Work instructions: From the entries, copy out every line in which the word "been" is found.

Recorded data:
■ ■ ■ ■ ■
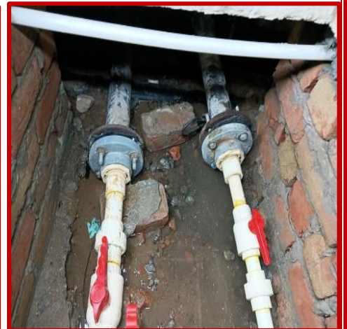
New HDPE pipeline work for PG-1 & PG-2 hostel
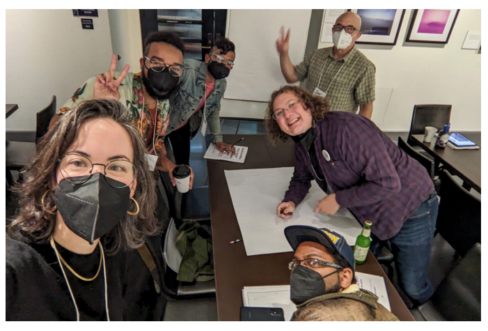
▲ Michigan Public Power Advocates mapping the history of DTE, our major Investor-Owned Utility in SE Michigan

Our work on energy democracy and municipalization is not limited to Ann Arbor though. Clean Water Action has been able to dig deeper on the issue of municipalization with our partners fighting for utility
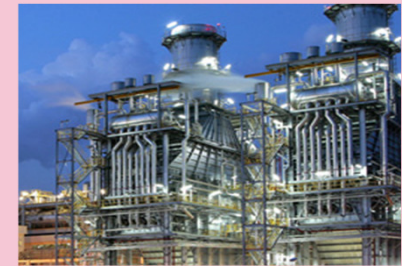
A top-tier 1,300MW gas-fired power plant in Singapore

Acquisition of 51% interest in Keppel Merlimau Cogen Pte. Ltd. (“KMC”) funded by Equity Fund Raising Exercise
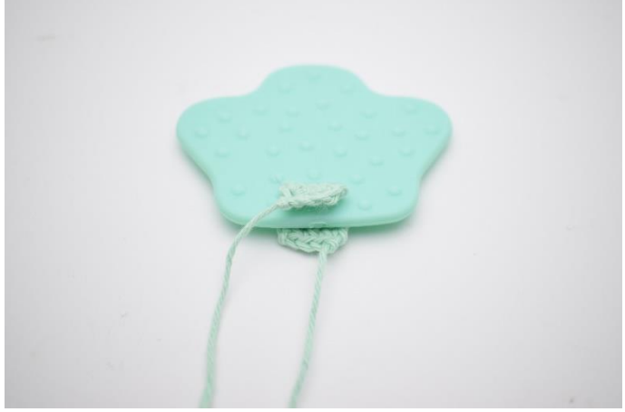
2. Pull the small strap piece through the hole and fold in half as shown in the picture.
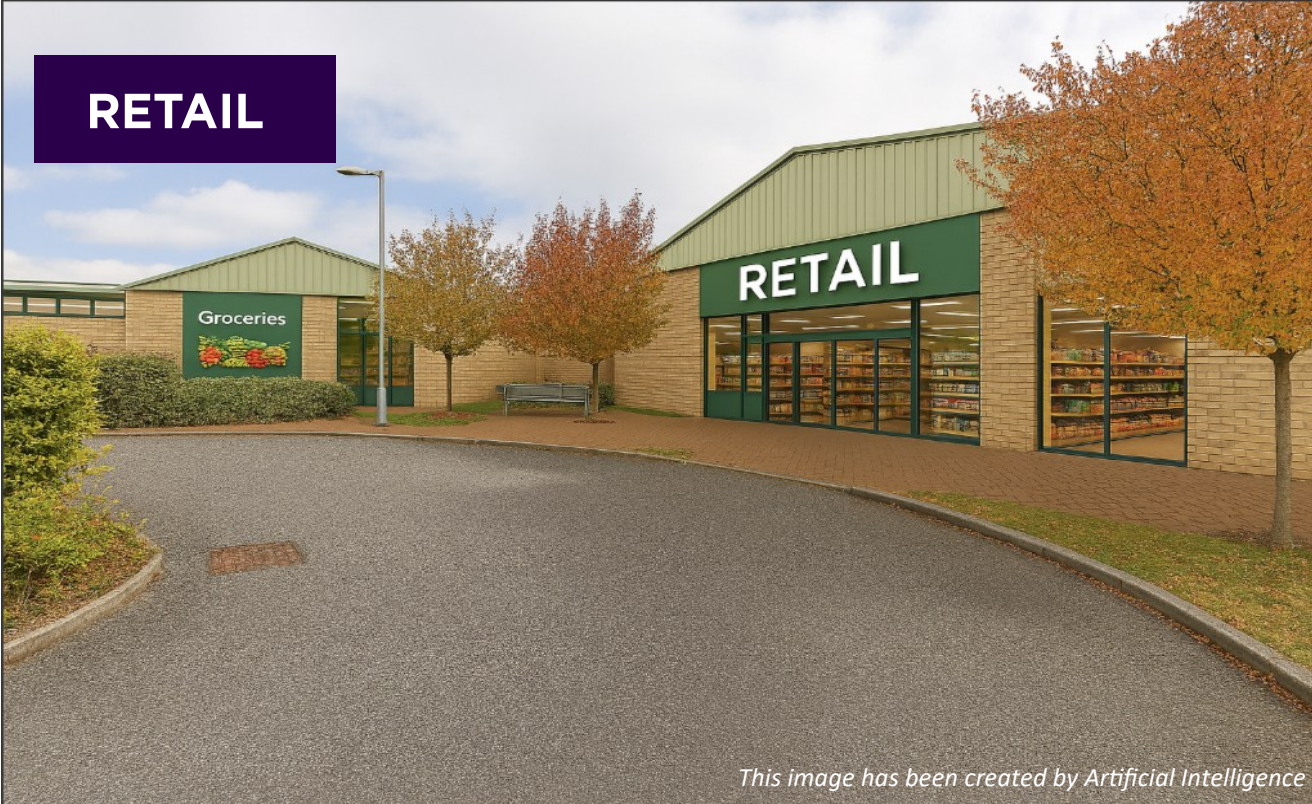
This image has been created by Artificial Intelligence
■ ■ ■ ■ ■
Problem solution:
Our work on energy democracy and municipalization is not limited to Ann Arbor though. Clean Water Action has been able to dig deeper on the issue of municipalization with our partners fighting for utility
This image has been created by Artificial Intelligence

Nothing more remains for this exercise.